Myrtillocactus eichlamii
- Conservation status: Critically Endangered (IUCN 3.1)

Scientific classification
- Kingdom: Plantae
- Clade: Tracheophytes
- Clade: Angiosperms
- Clade: Eudicots
- Order: Caryophyllales
- Family: Cactaceae
- Subfamily: Cactoideae
- Genus: Myrtillocactus
- Species: M. eichlamii
- Binomial name: Myrtillocactus eichlamii Britton & Rose

= Myrtillocactus eichlamii =

- Authority: Britton & Rose
- Conservation status: CR

Species of cactus

Myrtillocactus eichlamii is a species of Myrtillocactus found in Guatemala.
==Description==
Myrtillocactus eichlamii grows tree-shaped with upright, striking blue-green to deep green, glaucous shoots and forms a distinct trunk. It has 6 blunt ribs with large, gray areoles spaced up to 2 centimeters apart. The central spine can reach up to 7 centimeters long, while the approximately 5 marginal spines are shorter and swollen at their base.

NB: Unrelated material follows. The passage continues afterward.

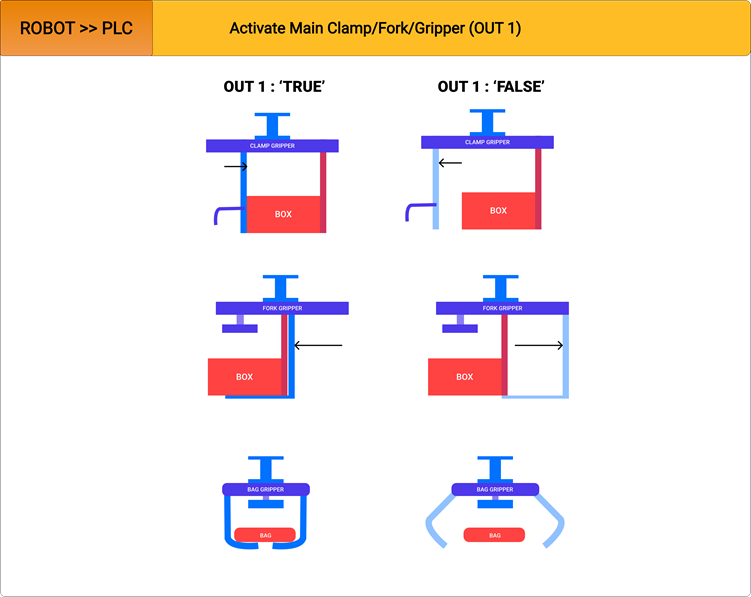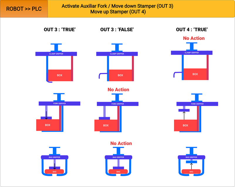 The latter will make it possible to generate stop points, where the robot will wait until it receives confirmation of the activation/deactivation of the various elements.
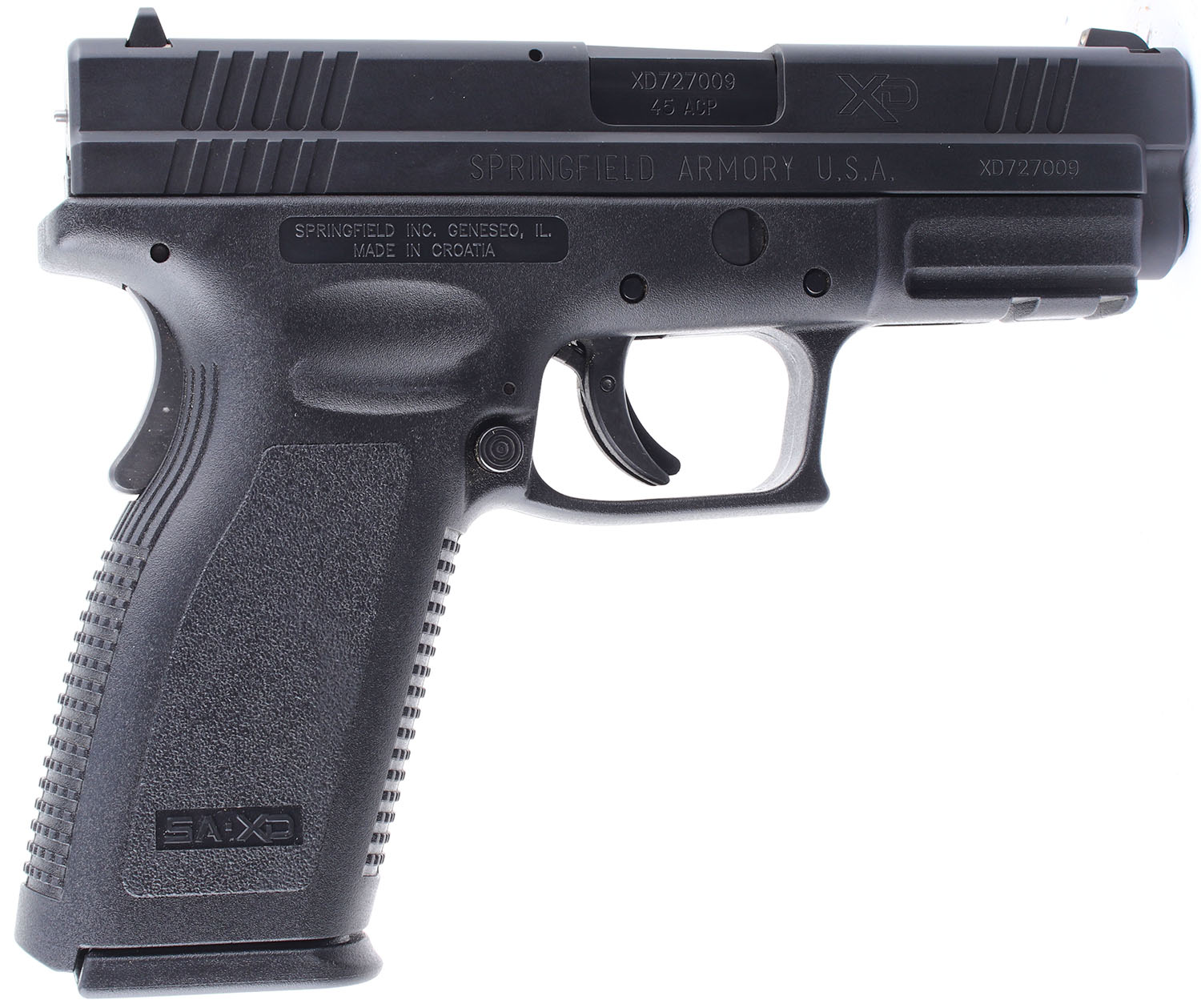 Springfield Armory, XD - 45 ACP, CAL: 45 ACP, MFG: Modern, SN: XD727009, Semi Auto Pistol. 4'' barrel. The plastic grip frame is in excellent condition. The black finish on the slide rates 98% with slight wear. Bore is very good, the grooves between the rifling are darkening. Mechanically solid with very little side to side play in the slide. 3 dot white combat sights are set in dovetail cuts. With two 13 round magazines. FFL Req. - Value: 200 to 500

The creamy white flowers are 4 centimeters long and 3.5 to 5.5 centimeters in diameter, with a very short flower tube. The spherical, purple to red fruits are edible and covered with a whitish wax.
==Distribution==
Myrtillocactus eichlamii is widespread in Guatemala.
==Taxonom==
The species was first described in 1920 by Nathaniel Lord Britton and Joseph Nelson Rose. The specific epithet eichlamii honors the German cactus collector Friedrich Eichlam.